Git Mailing List Archive mirror
 help / color / mirror / Atom feed
From: Taylor Blau <me@ttaylorr.com>
To: git@vger.kernel.org
Cc: Jeff King <peff@peff.net>, Junio C Hamano <gitster@pobox.com>,
	Derrick Stolee <derrickstolee@github.com>
Subject: [PATCH v2] builtin/pack-objects.c: introduce `pack.extraCruftTips`
Date: Tue, 2 May 2023 20:09:47 -0400	[thread overview]
Message-ID: <73ad7b90e1fe6c15f41ff828651f7ab06076ffd8.1683072587.git.me@ttaylorr.com> (raw)
In-Reply-To: <8af478ebe34539b68ffb9b353bbb1372dfca3871.1682011600.git.me@ttaylorr.com>

This patch introduces a new multi-valued configuration option,
`pack.extraCruftTips` as an alternative means to mark certain objects in
the cruft pack as rescued, even if they would otherwise be pruned.

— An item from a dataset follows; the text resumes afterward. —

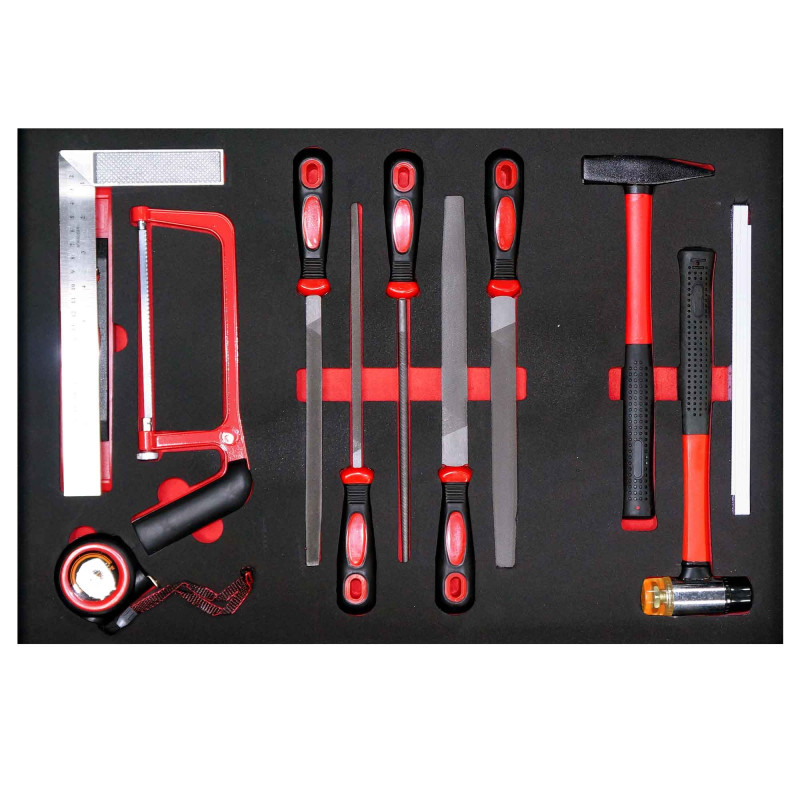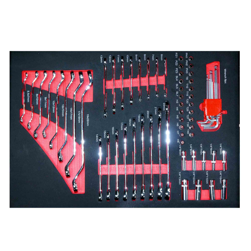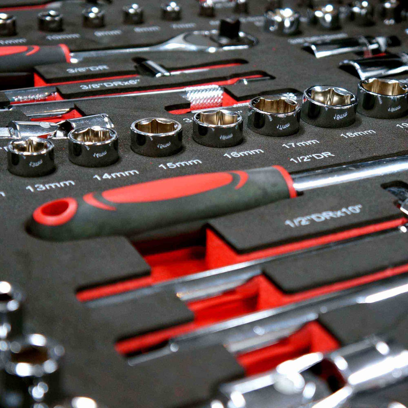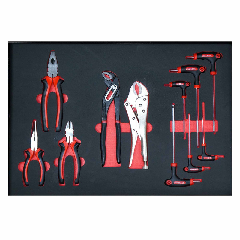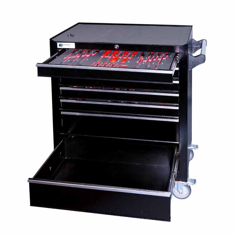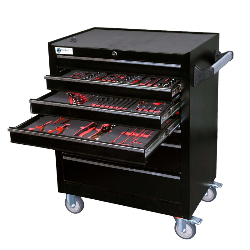 De gereedschappen zijn georganiseerd in foam-inlays, waardoor elk onderdeel overzichtelijk op zijn plek blijft en direct vindbaar is. De gereedschapswagen is bovendien voorzien van een centrale vergrendeling, zodat inhoud en lades met één handeling kunnen worden afgesloten.

Traditionally, cruft packs are generated in one of two ways:

  - When not pruning, all packed and loose objects which do not appear
    in the any of the packs which wil remain (as indicated over stdin,
    with `--cruft`) are packed separately into a cruft pack.

  - When pruning, the above process happens, with two additional tweaks.
    Instead of adding every object into the cruft pack, only objects
    which have mtime that is within the grace period are kept. In
    addition, a "rescuing" traversal is performed over the remaining
    cruft objects to keep around cruft objects which would have aged out
    of the repository, but are reachable from other cruft objects which
    have not yet aged out.

This works well for repositories which have all of their "interesting"
objects worth keeping around reachable via at least one reference.

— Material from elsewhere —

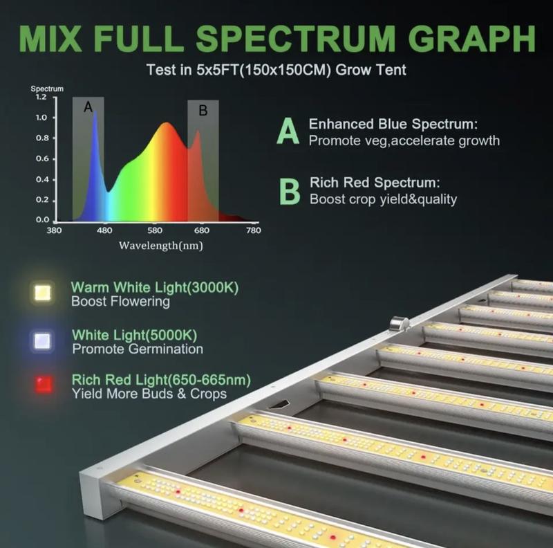 ОБНОВЛЕНИЙ ПОВНИЙ СПЕКТР ОСВІТЛЕННЯ ДЛЯ ЗРОСТАННЯ: високоінтенсивний спектр з посиленим червоним (Samsung 3000K теплий білий + 5000K білий, Osram 660 нм), прискорення цвітіння і плодонос ня великого врожаю, вони підходять для комерційного використання, гроубоксів, кімнат для вирощування, гідропоніки, зростання ґрунту.

However, there is no option to be able to keep around certain objects
that have otherwise aged out of the grace period. The only way to retain
those objects is:

  - to point a reference at them, which may be undesirable or
    infeasible,
  - to track them via the reflog, which may be undesirable since the
    reflog's lifetime is limited to that of the reference it's tracking
    (and callers may want to keep those unreachable objects around for
    longer)
  - to extend the grace period, which may keep around other objects that
    the caller *does* want to discard,
  - or, to force the caller to construct the pack of objects they want
    to keep themselves, and then mark the pack as kept by adding a
    ".keep" file.

This patch introduces a new configuration, `pack.extraCruftTips` which
allows the caller to specify a program (or set of programs) whose output
is treated as a set of objects to treat as "kept", even if they are
unreachable and have aged out of the retention period.

The implementation is straightforward: after determining the set of
objects to pack into the cruft pack (either by calling
`enumerate_cruft_objects()` or `enumerate_and_traverse_cruft_objects()`)
we figure out if there are any program(s) we need to consult in order to
determine if there are any objects which we need to "rescue". We then
add those as tips to another reachability traversal, marking every
object along the way as cruft (and thus retaining it in the cruft pack).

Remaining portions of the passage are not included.